7. Uso, de acordo com a reivindicação 5, caracterizado pelo fato de que a doença ou condição é um distúrbio pulmonar selecionado a partir de fibrose pulmonar quimicamente induzida, fibrose pulmonar idiopática, fibrose cística, doença pulmonar obstrutiva crônica (COPD), e asma.

8. Uso, de acordo com a reivindicação 5, caracterizado pelo fato de que a doença ou condição é um distúrbio autoimune selecionado a partir de encefalomielite, esclerose múltipla, síndrome anti- fosfolipídeo 1, anemia hemolítica autoimune, polirradiculoneuropatia desmielinizante inflamatória crônica, dermatite herpetiforme, dermatomiosite, miastenia grave, pênfigo, artrite reumatóide, síndrome de pessoa rígida, diabetes tipo 1, espondilite anquilosante, hemoglobinúria noturna paroxística (PNH), hemoglobinúria fria paroxística, anemia hemolítica autoimune idiopática severa, e síndrome de Goodpasture.

9. Uso, de acordo com a reivindicação 5, caracterizado pelo fato de que a doença ou condição é um distúrbio imune selecionado a partir de disfunção de célula T mediada por célula supressora mielóide-derivada (MDSC), vírus da imunodeficiência humana (HIV), encefalomielite autoimune, e reação à transfusão com descombinação de ABO.

10. Uso, de acordo com a reivindicação 5, caracterizado pelo fato de que a doença ou condição é um distúrbio hemolítico selecionado a partir de doença de célula falciforme, talassemias, esferocitose hereditária, estomatocitose, anemias hemolíticas microangiopáticas, deficiência de piruvato quinase, anemia induzida por infecção, anemia durante bypass cardiopulmonar e anemia induzida por válvula cardíaca mecânica, e anemia induzida quimicamente.

11. Uso, de acordo com a reivindicação 5, caracterizado pelo fato de que a doença ou condição é um distúrbio gastrointestinal selecionado a partir de distúrbios de motilidade gastrointestinal, cânceres gástricos, doença intestinal inflamatória, doença de Crohn, colite ulcerativa, e úlceras gástricas.

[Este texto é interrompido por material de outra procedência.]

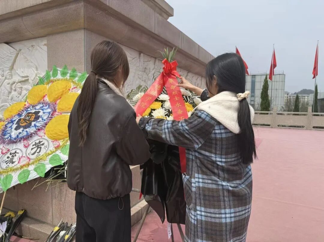 4月1日,在机电学院清明祭扫志愿服务活动中,两位同学主动请缨、冲锋在前,全程参与浮梁县革命烈士陵园的志愿服务工作,以实际行动践行青年担当,同时严格恪守活动纪律要求,展现了机电学子优良的作风素养。她们手持清洁工具,认真擦拭每一块烈士墓碑,仔细清扫陵园内的落叶、杂物,细致规整纪念碑前的花束摆放,用双手拂去岁月尘埃,用汗水守护英烈安息之地。从清晨到正午,她们始终坚守岗位、分工协作,以一丝不苟的态度完成每一项任务,用实际行动践行“奉献、友爱、互助、进步”的志愿精神,在劳动中传承红色基因,在服务中锤炼责任担当,成为陵园里一道温暖而坚定的青春风景线。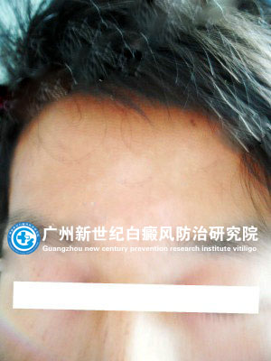 病症:患者额头,左侧脸颊部位有白癜风症状。 发病之初就前来我研究院进行康复治疗,没有自行用药史,经检查患者没有过敏史。 专家建议:进行体内微量元素、伍德灯病灶检查。
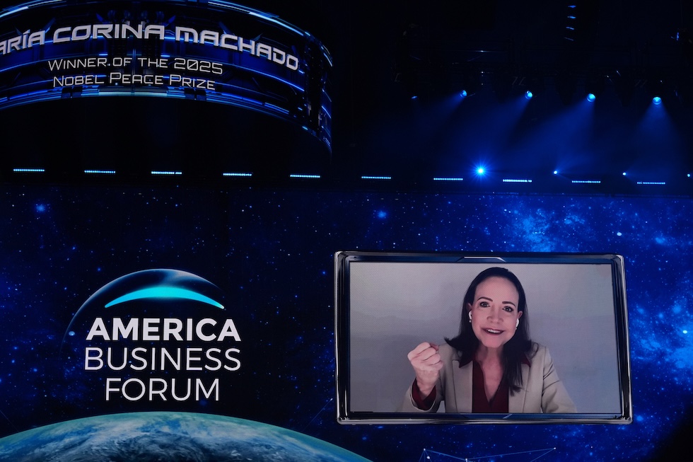 María Corina Machado partecipa attraverso un collegamento video all’America Business Forum, una riunione per imprenditori e investitori, il 5 novembre 2025 (AP Photo/Rebecca Blackwell)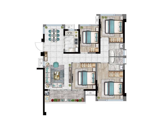 楼盘户型:3室户型 (4) , 4室户型 (1)

12. Uso, de acordo com a reivindicação 5, caracterizado pelo fato de que a doença ou condição é um distúrbio sexual selecionado a partir de Doença de Peyronie e disfunção erétil.

13. Uso, de acordo com a reivindicação 6, caracterizado pelo fato de que a doença ou condição é lesão de isquemia-reperfusão (IR) selecionada a partir de IR hepática, IR renal, e IR miocárdica.

14. Uso, de acordo com a reivindicação 4, caracterizado pelo fato de que a doença ou condição é selecionada a partir de doença renal inflamatória, psoríase, leishmaniose, doenças neurodegenerativas, cicatrização de ferimentos, vírus da imunodeficiência humana (HIV), vírus da hepatite B (HBV), infecções por H. pylori, distúrbios fibróticos, artrite, candidíase, doença periodontal, quelóides, doença adenotonsilar, doença do sono Africana e doença de Chagas.

15. Uso, de acordo com a reivindicação 5, caracterizado pelo fato de que a doença ou condição é um distúrbio de cicatrização de ferimentos selecionado a partir de cicatrização de ferimentos infectados e não infectados.

16. Uso, de acordo com a reivindicação 4, caracterizado pelo fato de que a doença ou condição é câncer gástrico.